╭─ Data for this exercise
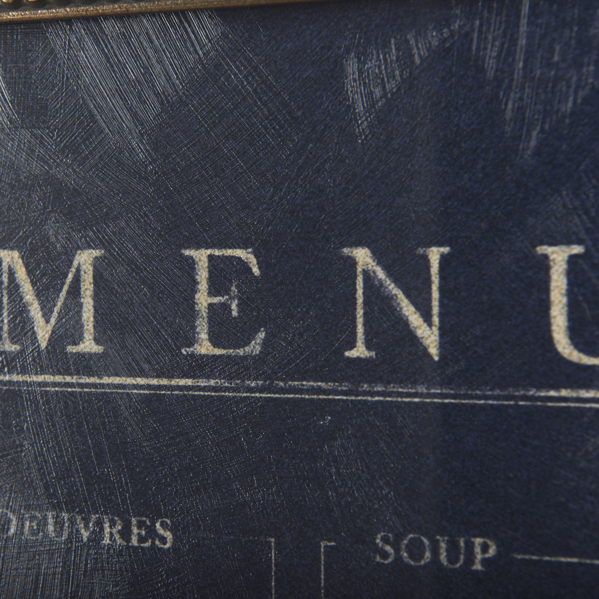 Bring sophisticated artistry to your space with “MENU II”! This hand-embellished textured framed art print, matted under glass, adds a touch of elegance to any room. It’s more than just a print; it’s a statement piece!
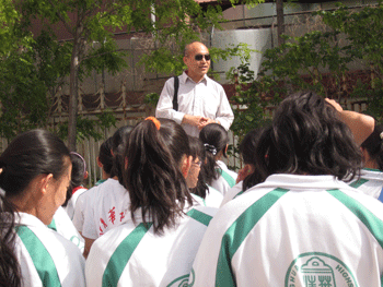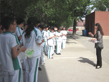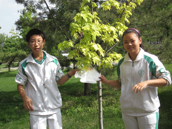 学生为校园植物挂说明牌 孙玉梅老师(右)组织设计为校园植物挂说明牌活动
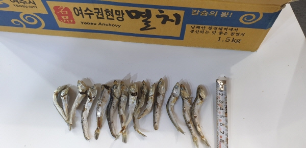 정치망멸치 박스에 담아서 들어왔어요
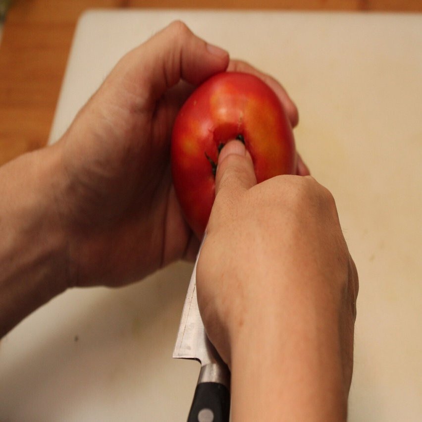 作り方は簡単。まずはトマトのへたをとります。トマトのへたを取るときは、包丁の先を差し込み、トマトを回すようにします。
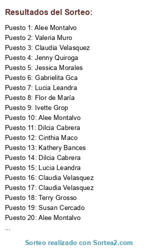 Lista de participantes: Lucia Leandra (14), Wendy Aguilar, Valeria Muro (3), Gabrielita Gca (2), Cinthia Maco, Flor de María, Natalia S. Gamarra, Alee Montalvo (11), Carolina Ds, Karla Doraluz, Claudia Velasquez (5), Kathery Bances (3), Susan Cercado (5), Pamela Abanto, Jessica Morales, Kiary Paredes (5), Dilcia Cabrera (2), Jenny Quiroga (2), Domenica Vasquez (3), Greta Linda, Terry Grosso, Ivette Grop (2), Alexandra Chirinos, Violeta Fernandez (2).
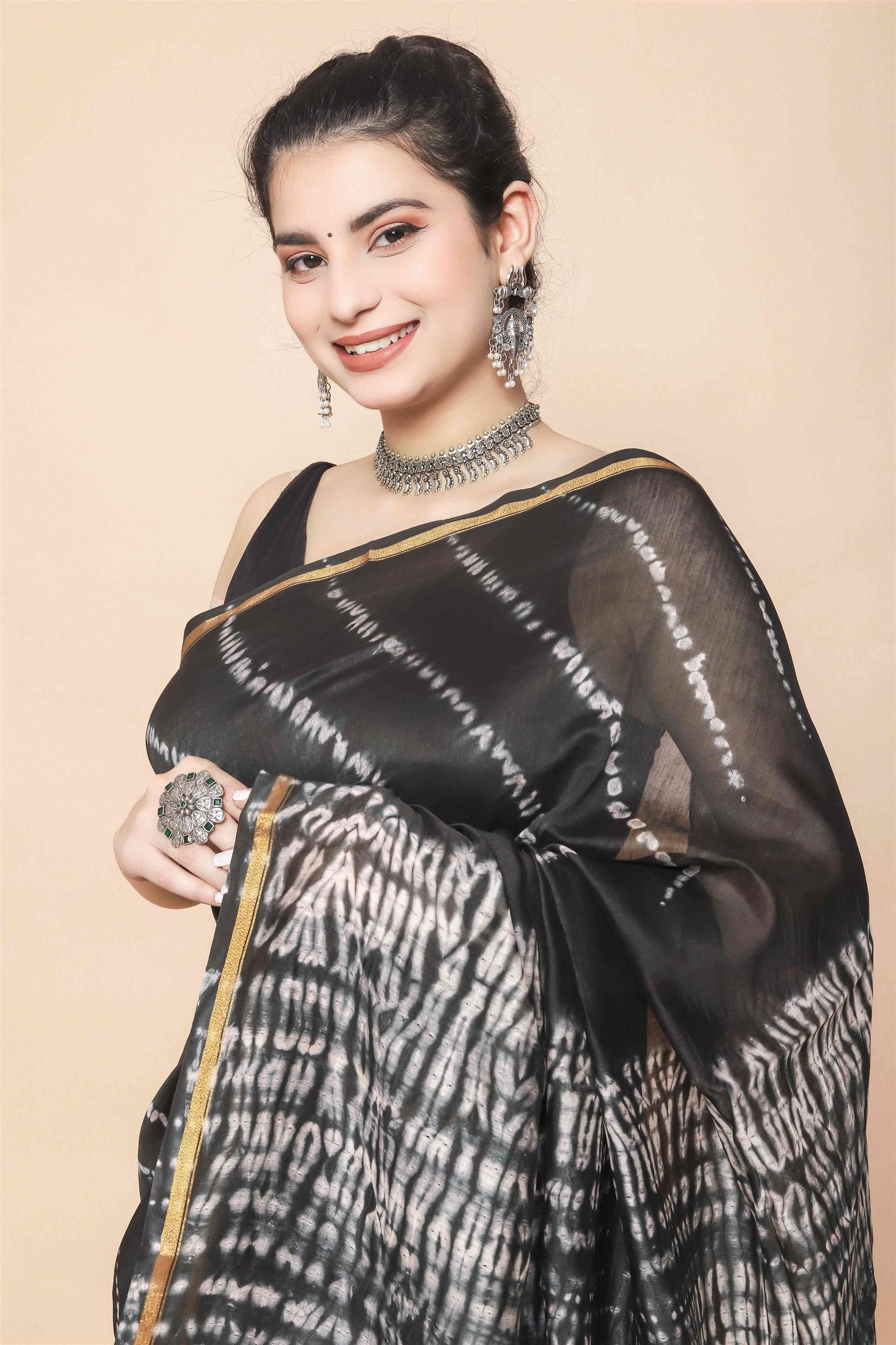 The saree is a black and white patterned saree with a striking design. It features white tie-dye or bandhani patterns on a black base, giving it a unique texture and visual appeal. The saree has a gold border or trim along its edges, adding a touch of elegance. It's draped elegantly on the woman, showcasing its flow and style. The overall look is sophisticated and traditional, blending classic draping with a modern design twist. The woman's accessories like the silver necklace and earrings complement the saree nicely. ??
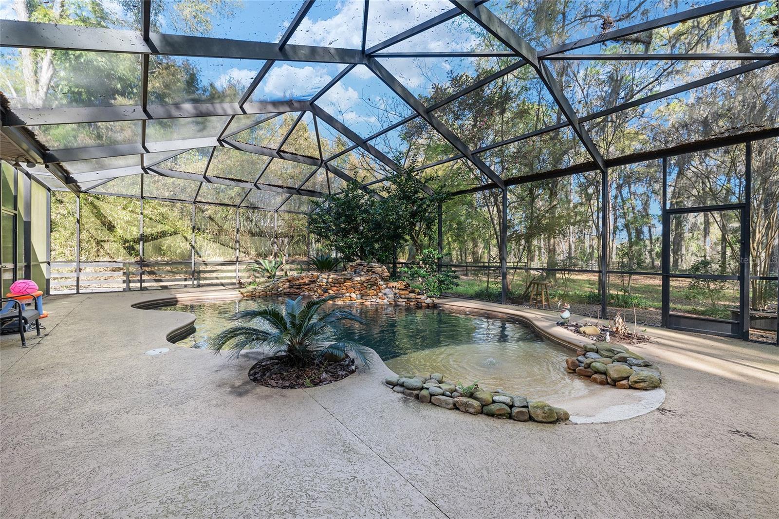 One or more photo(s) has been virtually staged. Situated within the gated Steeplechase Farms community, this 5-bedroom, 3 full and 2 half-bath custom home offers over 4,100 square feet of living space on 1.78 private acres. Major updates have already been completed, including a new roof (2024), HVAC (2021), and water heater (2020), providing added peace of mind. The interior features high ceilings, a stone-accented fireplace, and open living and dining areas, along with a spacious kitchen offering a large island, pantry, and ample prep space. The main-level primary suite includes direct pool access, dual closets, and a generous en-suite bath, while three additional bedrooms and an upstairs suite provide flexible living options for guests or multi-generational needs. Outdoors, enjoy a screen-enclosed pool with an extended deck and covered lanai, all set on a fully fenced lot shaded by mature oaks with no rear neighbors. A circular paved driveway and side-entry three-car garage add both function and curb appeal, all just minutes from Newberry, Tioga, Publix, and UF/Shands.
╰─
• _Exercise prompt_
Copy only these lines from the records above, exactly: the one with "정치망멸치 박스에 담아서 들어왔어요", the one with "The saree is", and those between. Skip the pictures.

• _The completed task_
 정치망멸치 박스에 담아서 들어왔어요
 作り方は簡単。まずはトマトのへたをとります。トマトのへたを取るときは、包丁の先を差し込み、トマトを回すようにします。
 Lista de participantes: Lucia Leandra (14), Wendy Aguilar, Valeria Muro (3), Gabrielita Gca (2), Cinthia Maco, Flor de María, Natalia S. Gamarra, Alee Montalvo (11), Carolina Ds, Karla Doraluz, Claudia Velasquez (5), Kathery Bances (3), Susan Cercado (5), Pamela Abanto, Jessica Morales, Kiary Paredes (5), Dilcia Cabrera (2), Jenny Quiroga (2), Domenica Vasquez (3), Greta Linda, Terry Grosso, Ivette Grop (2), Alexandra Chirinos, Violeta Fernandez (2).
 The saree is a black and white patterned saree with a striking design. It features white tie-dye or bandhani patterns on a black base, giving it a unique texture and visual appeal. The saree has a gold border or trim along its edges, adding a touch of elegance. It's draped elegantly on the woman, showcasing its flow and style. The overall look is sophisticated and traditional, blending classic draping with a modern design twist. The woman's accessories like the silver necklace and earrings complement the saree nicely. ??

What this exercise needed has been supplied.